Le Sahel africain se révolte contre le néocolonialisme occidental en éjectant les troupes et les bases étrangères, en concevant des monnaies alternatives et en défiant les anciennes multinationales. Après tout, la multipolarité ne peut fleurir sans que des résistances ne pavent son chemin.

L’émergence d’Axes de Résistance dans diverses géographies est un sous-produit inextricable du long et sinueux processus qui nous mène vers un monde multipolaire. Ces deux choses – la résistance à l’hégémon et l’émergence de la multipolarité – sont absolument complémentaires.

L’Axe de la Résistance au Moyen-Orient – à travers les États arabes et musulmans – a désormais pour sœur l’Axe de la Résistance qui couvre le Sahel en Afrique, d’ouest en est, du Sénégal, du Mali, du Burkina Faso et du Niger au Tchad, au Soudan et à l’Érythrée.

Contrairement au Niger, où le changement de pouvoir contre le néocolonialisme a été associé à un coup d’État militaire, au Sénégal, le changement de pouvoir vient directement des urnes.

Le Sénégal est entré dans une nouvelle ère avec la victoire écrasante de Bassirou Diomaye Faye, 44 ans, lors des élections nationales du 24 mars. Ancien inspecteur des impôts qui venait de passer quinze jours en prison, Bassirou Diomaye Faye a émergé avec le profil d’un leader panafricain outsider pour renverser la «démocratie la plus stable d’Afrique», dirigée par le président sortant Macky Sall, marionnette de la France.

Le futur président sénégalais rejoint Ibrahim Traore, 36 ans, au Burkina Faso, Aby Ahmed, 46 ans, en Éthiopie, Andry Rajoelina, 48 ans, à Madagascar, ainsi que la future superstar Julius Malema, 44 ans, en Afrique du Sud, en tant que membre de la nouvelle et jeune génération panafricaine axée sur la souveraineté. Dans son programme électoral, Faye s’est engagé à réclamer la souveraineté du Sénégal pas moins de dix-huit fois. 

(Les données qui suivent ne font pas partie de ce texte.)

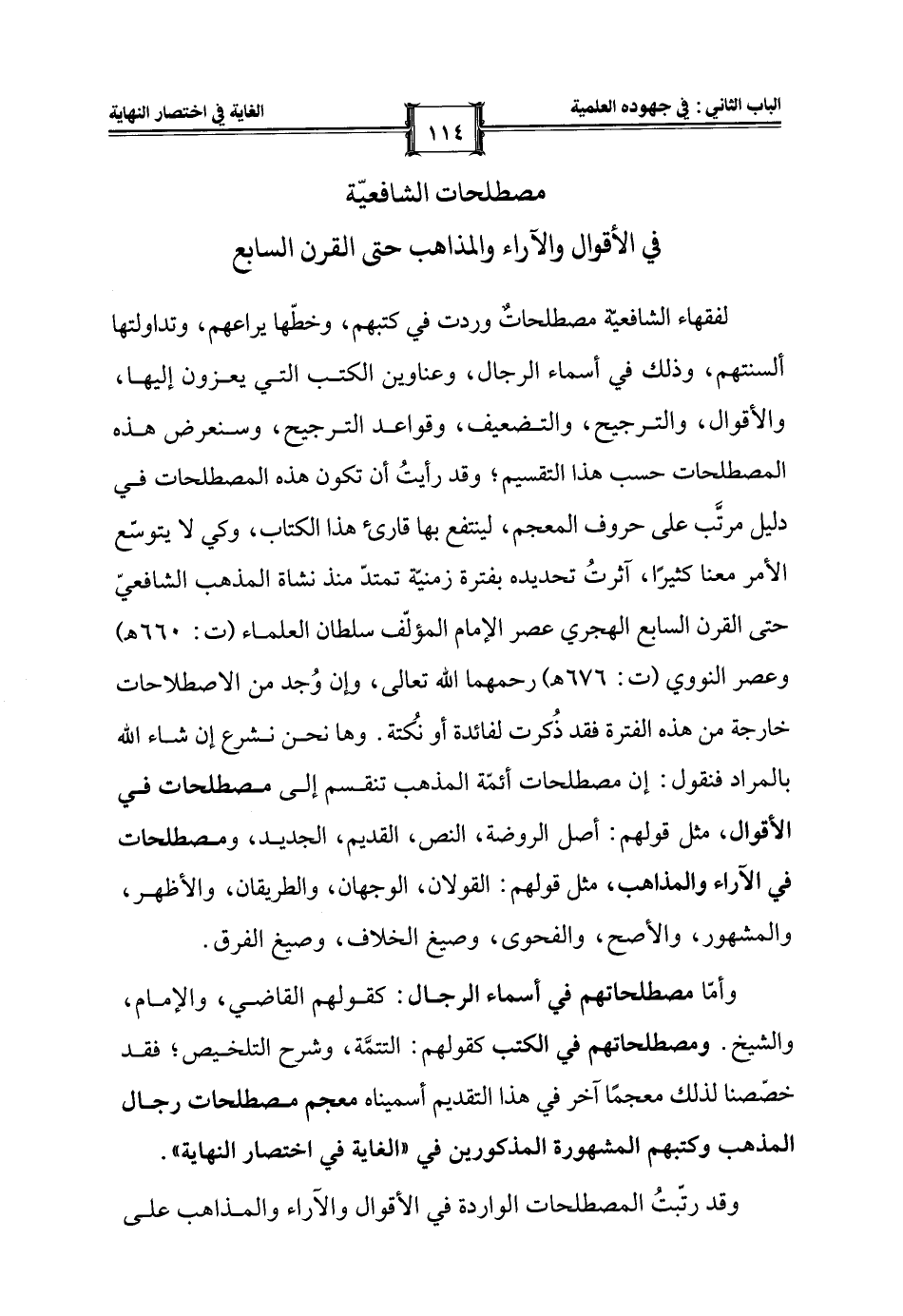 وأمّا مصطلحاتهم في أسماء الرجال: كقولهم القاضي، والإمام، والشيخ. ومصطلحاتهم في الكتب كقولهم: التتمَّة، وشرح التلخيص؛ فقد خصّصنا لذلك معجمًا آخر في هذا التقديم أسميناه معجم مصطلحات رجال المذهب وكتبهم المشهورة المذكورين في "الغاية في اختصار النهاية".

La géoéconomie est la clé de ces changements. Alors que le Sénégal devient un important producteur de pétrole et de gaz, Faye s’efforcera de renégocier les contrats miniers et énergétiques, notamment les plus importants conclus avec British Petroleum (BP) et l’exploitant britannique de mines d’or, Endeavor Mining.

Plus important encore, il prévoit d’abandonner le franc CFA – le système monétaire contrôlé par la France et utilisé dans 14 États africains – et même de créer une nouvelle monnaie dans le cadre de la refonte des relations avec la France, puissance néocoloniale et premier partenaire commercial du Sénégal. Faye, se faisant l’écho du camarade Xi Jinping, souhaite un partenariat «gagnant-gagnant».

L’entrée en scène de l’Alliance des États du Sahel

Faye n’a pas encore dit clairement s’il avait l’intention de chasser les militaires français du Sénégal. Si cela devait se produire, le coup porté à Paris serait sans précédent, car le Petit Roi Emmanuel Macron, en difficulté, et l’establishment français considèrent le Sénégal comme un acteur clé lorsqu’il s’agit de bloquer le Niger, le Mali et le Burkina Faso, pays enclavés, qui ont déjà laissé Paris dans la poussière (du Sahel).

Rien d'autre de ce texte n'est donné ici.